### PROBLEM STATEMENT:
Pictures do not belong in your copy. Repeat all the other data exactly.

### SUPPLIED INFORMATION:

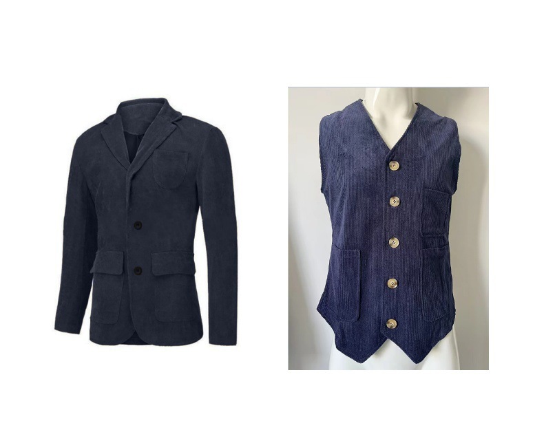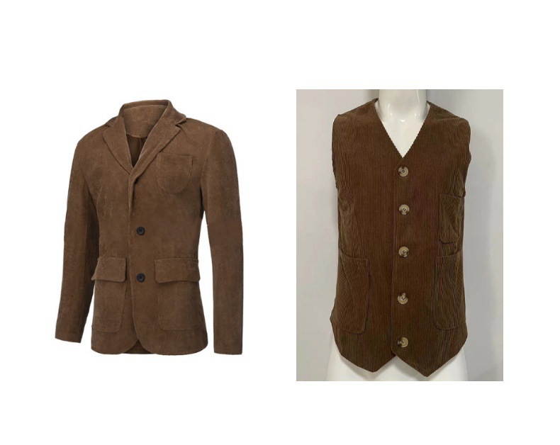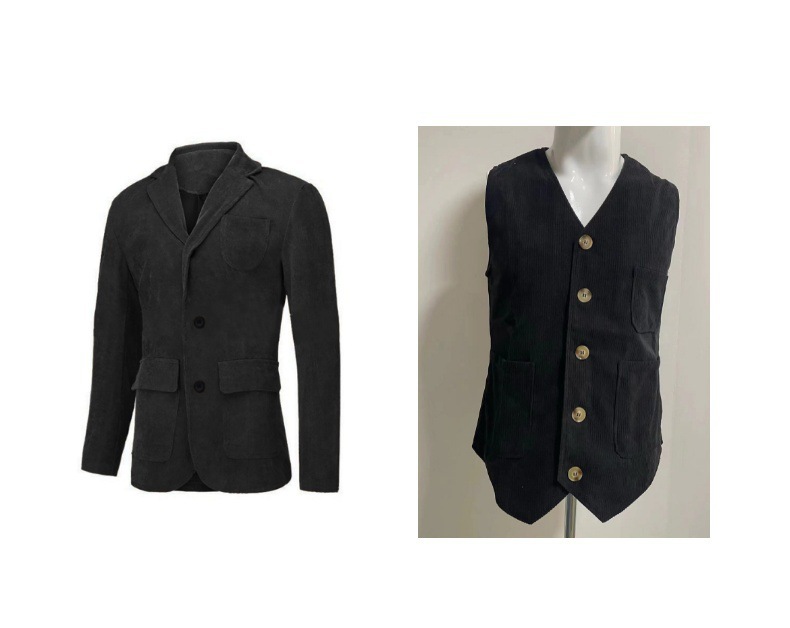 재고 국경 간 세트 봄과 가을 남자 코듀로이 영국 스타일 세트 재킷 베스트 톱 남자 세트
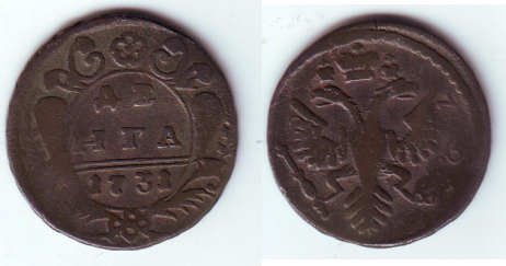 41. Денга 1731 года Орел с хвостом 4-1-4
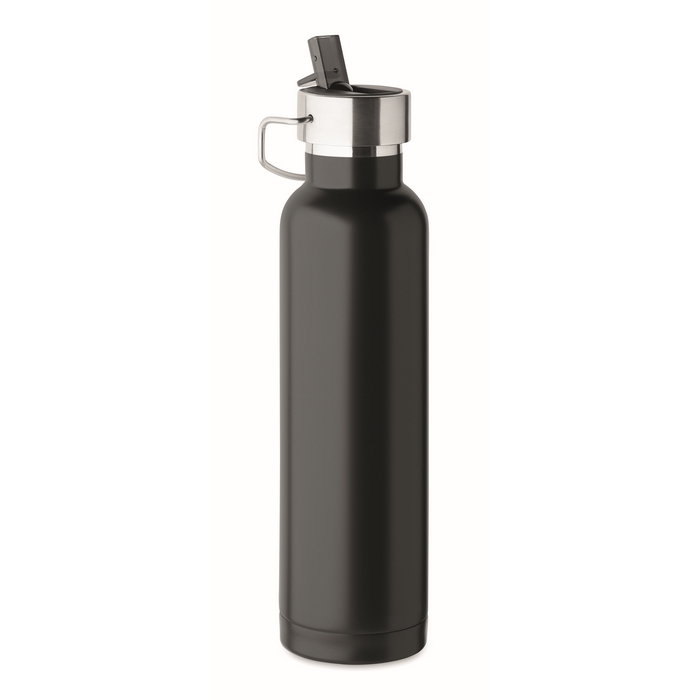 Borraccia a doppia parete isolata sottovuoto in acciaio inox riciclato (90% acciaio inox riciclato e 10% acciaio inox). Con cannuccia incorporata e manico nel tappo antifuga. Capacità: 660 ml.

### RESULT OF THE EXERCISE:
 재고 국경 간 세트 봄과 가을 남자 코듀로이 영국 스타일 세트 재킷 베스트 톱 남자 세트
 41. Денга 1731 года Орел с хвостом 4-1-4
 Borraccia a doppia parete isolata sottovuoto in acciaio inox riciclato (90% acciaio inox riciclato e 10% acciaio inox). Con cannuccia incorporata e manico nel tappo antifuga. Capacità: 660 ml.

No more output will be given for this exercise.